If $\overline{B}(a;r)\subset D$, then $q:=\inf_{\omega\in\Omega}|\omega-a|>r$, and so $$ \begin{align} \frac{|z-a|}{|\omega-a|}\leq \frac{|z-a|}{q}\leq\frac{r}{q}<1,\qquad \omega\in\Omega,\quad z\in B(a;r). \end{align} $$ Hence, for any $z\in B(a;r)$ fixed, the series $$ \omega\mapsto \sum^\infty_{n=0}\frac{(z-a)^n}{(\omega-a)^{n+1}} =\frac{1}{\omega-z} $$ converges absolutely and uniformly in $\Omega$. By dominated convergence (to justify change of order of summation and integration) $$ f(z)=\int_\Omega \frac{\mu(d\omega)}{\omega-z}= \int_\Omega \sum^\infty_{n=0}\frac{(z-a)^n}{(\omega-a)^{n+1}} \,\mu(d\omega) = \sum^\infty_{n=0}c_n(z-a)^n, $$ where the $c_n$ satisfy $\eqref{three}$. The last statement follows from the estimate $$\begin{align} \limsup_{n\rightarrow\infty}\sqrt[n]{|c_n|}\leq\lim_{n\rightarrow\infty}\frac{1}{r}\sqrt[n]{\frac{\|\mu\|_{TV}}{r}}=\frac{1}{r} \end{align} $$

• Non tangential asymptotyics.
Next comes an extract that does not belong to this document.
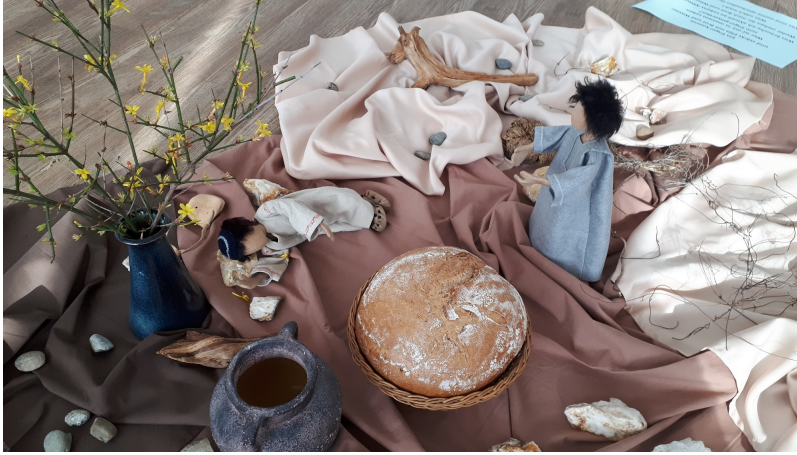
Bibliolog: Der Engel kommt zu Elija, der erschöpft unter einem Wacholderstrauch liegt

Suppose $|z|\rightarrow\infty$ over a region of the form $T_M=\{z=x+iy\in\mathbb{C}:|x|\leq M|y|\}\setminus\Omega$ for some fixed $M>0$. Then $$ \Big|\frac{z}{\omega-z}\Big|\leq\frac{|z|}{||z|-|\omega||}\xrightarrow{|z|\rightarrow\infty}1 $$ for each $\omega\in\Omega$, and $$ \Big|\frac{z}{\omega-z}\Big|\leq\frac{|x|+|y|}{|y|}\leq M+1 $$ for all $\omega\in\Omega$. Then, by dominated convergence, letting $z\rightarrow\infty$ over the region $T_M$ $$ zf(z)=\int_\Omega\frac{z}{\omega-z}\,\mu(d\omega)\xrightarrow{|z|\rightarrow\infty}\mu(\Omega) $$

• If $\mu$ has compact support, then the asymptotic may be improved considerably . Let $M=\sup\{|\omega|:\omega\in \Omega\}$. Then $$ \frac{1}{\omega-z}=-\frac{1}{z}\frac{1}{1-\tfrac{\omega}{z}}=-\frac{1}{z}\sum^\infty_{k=0}\frac{\omega^n}{z^n} $$ By dominated convergence

$$ f(z)=-\frac{1}{z}\sum^\infty_{k=0}z^{-n}\int_\Omega \omega^n\,\mu(d\omega) $$

Hence

$$zf(z)=\mu(\Omega) +z^{-1}\int_\Omega \omega\,\mu(d\omega) +o_\mu(z^{-1}) $$